Три «котла» красноармейца Полухина | страница 39



Если свои, то поход можно считать оконченным, если же нет, то надо было пересечь рельсовые пути и продолжать движение на северо-северо-восток, вдали от любых дорог. По мере приближения к обжитым местам лес становился более редким, а местность — открытой и болотистой. Даже небольших познаний красноармейца Полухина в вопросах тактики, оперативного искусства и стратегии хватало, чтобы понять простую вещь: наступление ведётся вдоль удобных для того путей. Особенно это касается танков, бронетранспортёров и грузовиков, привязанных к дорогам или к более-менее ровной и сухой местности. Леса и болота — вотчина самой обыкновенной пехоты, а она всегда подтягивается с запозданием к ушедшим далеко вперёд танковым и моторизованным подразделениям. Учитывая крайне невысокий темп продвижения упряжки, она вполне могла встретиться вражеским пехотинцам, однако вряд ли кто из их командиров будет держать значительные силы и оборудовать хорошую связь в нежилой и заболоченной территории. А с одиночным дозором, не ждущим удара с тыла, Саша вполне рассчитывал справиться своими собственными силами.

Родиону не потребовалось много времени, чтобы верхом съездить в окрестности станции и увидеть там разгружающиеся воинские поезда немцев. Увы, далеко не все паровозы железнодорожникам удалось угнать или безвозвратно испортить. Деловито с вагонов и платформ гитлеровцы забирали разнообразные припасы и вооружение, слышались свистки локомотивов, выкрики командиров, лязг сцепляемого подвижного состава. Саше стало ясно, что придётся опять продолжать свой поход, но рассказ товарища навёл его на мысль немножко подпортить столь спокойную работу захватчикам. На карте станция была в трёх километрах от небольшого озера, переходящего в заболоченный участок перед лесом, где они находились. Два часа похода — и оно предстало перед глазами бойцов. Заросли высохшего камыша, уже жухлая болотная растительность и предательское похлюпывание под сапогами наглядно показывали, что дальше идти нельзя. Другая сторона озера также поросла деревьями и кустарником, так что станции не было видно, но басовитые гудки паровозов выдавали там её присутствие.

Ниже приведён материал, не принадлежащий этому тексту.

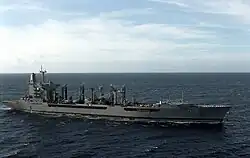 USS Cimarron (AO-177) was the lead ship of the Cimarron-class of fleet oilers of the United States Navy. Cimarron was built at the Avondale Shipyards in New Orleans, Louisiana (USA) starting in 1978 and was commissioned in 1981 for service in the Pacific Fleet. Commissioned at the Naval Supply Center, 10 January 1981, in Oakland, California. The oiler was home ported in Pearl Harbor, Hawaii. The total cost for the ship was $136.7 million.[1]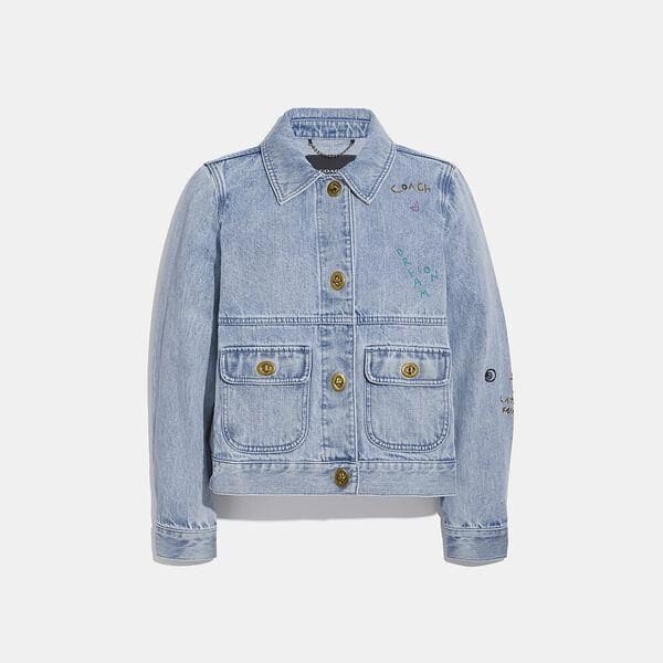 Description: Redefine the blues, this washed cotton denim jacket features our iconic turnlock hardware for a heritage touch. Colorfully embroidered with playful symbols, sayings and Coach icons, this classic fit silhouette is detailed with patch pockets and distinctive topstitching.

Найдя хорошее и твёрдое место у «своей» опушки леса, Саша приказал готовить орудие к бою. Спустя двадцать минут пушка стояла готовой к открытию огня. Бывший студент, хоть и не планировал вести огонь с закрытых позиций, не смог удержаться от искушения попробовать себя в том, чему его так долго учили в артиллерийской школе. Особых проблем с наводкой по горизонтали не было: на станции то и дело ходил взад-вперёд, а иногда стоял чёрный шлейф дыма — явно работал маневровый паровоз, формируя составы. Его чёрные от несгоревших частиц угольной сажи клубы было хорошо видно в бинокль над вершинами сосен по другую сторону озера. Но за ориентир, который послужит точкой наводки, Саша выбрал красиво желтевшую одиночную берёзу посреди болотца на фоне соснового массива. Как уж она там выросла — непонятно, может быть, туда семена птицы в своё время занесли. Поймав чётко выделяющийся белый ствол дерева в перекрестье панорамы, боец записал его угломер с кольца и барабана прибора. Эту установку надо было строго его выдерживать во время стрельбы. Расстояние до цели Саша определил по карте в три километра и триста метров, а температуру окружающего воздуха — на глаз в десять градусов. Барометра не было, так что сам себе командир принял значение атмосферного давления за стандартные семьсот пятьдесят миллиметров ртутного столба. Посмотрев в таблицы стрельбы и учтя поправки, красноармеец Полухин произнёс: «Прицел шестьдесят семь, шкала ДГ» для себя и «Осколочной гранатой»— для Ильи. По команде «Орудие!» Родион спустил взведённый курок, и снаряд отправился в полёт. Спустя одиннадцать секунд до расчёта донёсся очень сильно приглушенный расстоянием звук разрыва. Его султана или каких-то иных последствий замечено не было. За последующие две минуты дали ещё три выстрела, после чего быстро взяли пушку на передок и отошли в лес.